É com essa visão de escala que o Minha Casa, Minha Vida, um dos maiores programas habitacionais do planeta, está impulsionando a verticalização e ampliando o acesso das famílias de baixa renda a um lar, notadamente nos grandes centros urbanos.

A história mostra que leis elitistas terminaram por originar o grande número de ocupações irregulares nas cidades. Em São Paulo, observamos a invasão irreversível das Áreas de Preservação Permanente (APP), caso dos entornos das represas Billings e Guarapiranga, onde estão cerca de 100 mil famílias. E o impacto ambiental produzido pela população às margens desses reservatórios é intenso e contínuo.

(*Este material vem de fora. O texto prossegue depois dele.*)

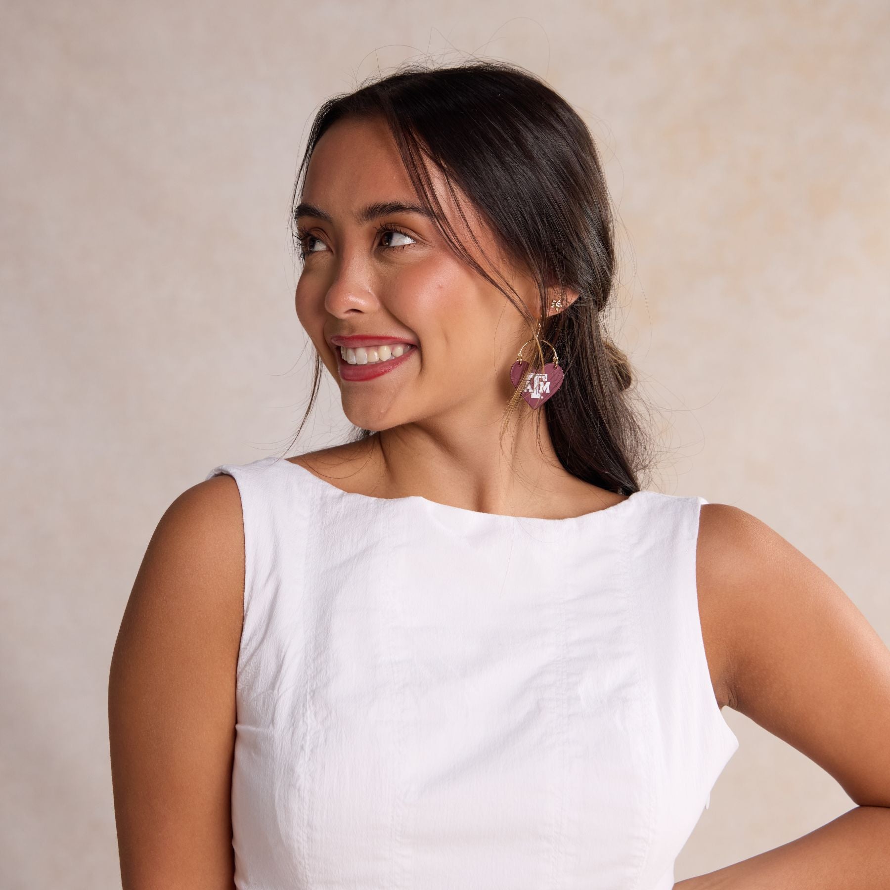 Elevate your gameday look with our Texas A&M University Lover leather earrings - the perfect accessory for passionate fans, proud alumni, and stylish students. These officially licensed earrings are crafted and hand-embossed in Kansas City from premium Italian leather for a standout look.

Os limites impostos à produção de habitações pelo mercado formal geraram grilagem, clandestinidade e venda de lotes pelo crime organizado. Geraram pessoas vivendo sem a titularidade de seu bem e complexidade adicional aos planos de tentativa de regularização fundiária em andamento no país.

Sempre que as leis ignoram a realidade, a realidade engole as leis. As pessoas precisam morar. Quando não conseguem fazer isso legalmente, e com o apoio de programas governamentais que as subsidiem na aquisição de suas moradias, não há saída. E não se pode pensar em julgá-las ou condená-las. É questão de sobrevivência.

O único meio de enfrentar esse martírio é ter legislações que destravem e intensifiquem a produção de habitações de interesse social mais centrais e perto de onde estão trabalho, lazer e serviços. E só há um caminho para acomodar tantas vidas com dignidade: adensar e verticalizar com inteligência, por meio de legislações urbanísticas que possibilitem melhor aproveitamento de territórios com infraestrutura e que impulsionem a oferta de moradias formais para a baixa renda. Este é o bom senso que o Censo pede.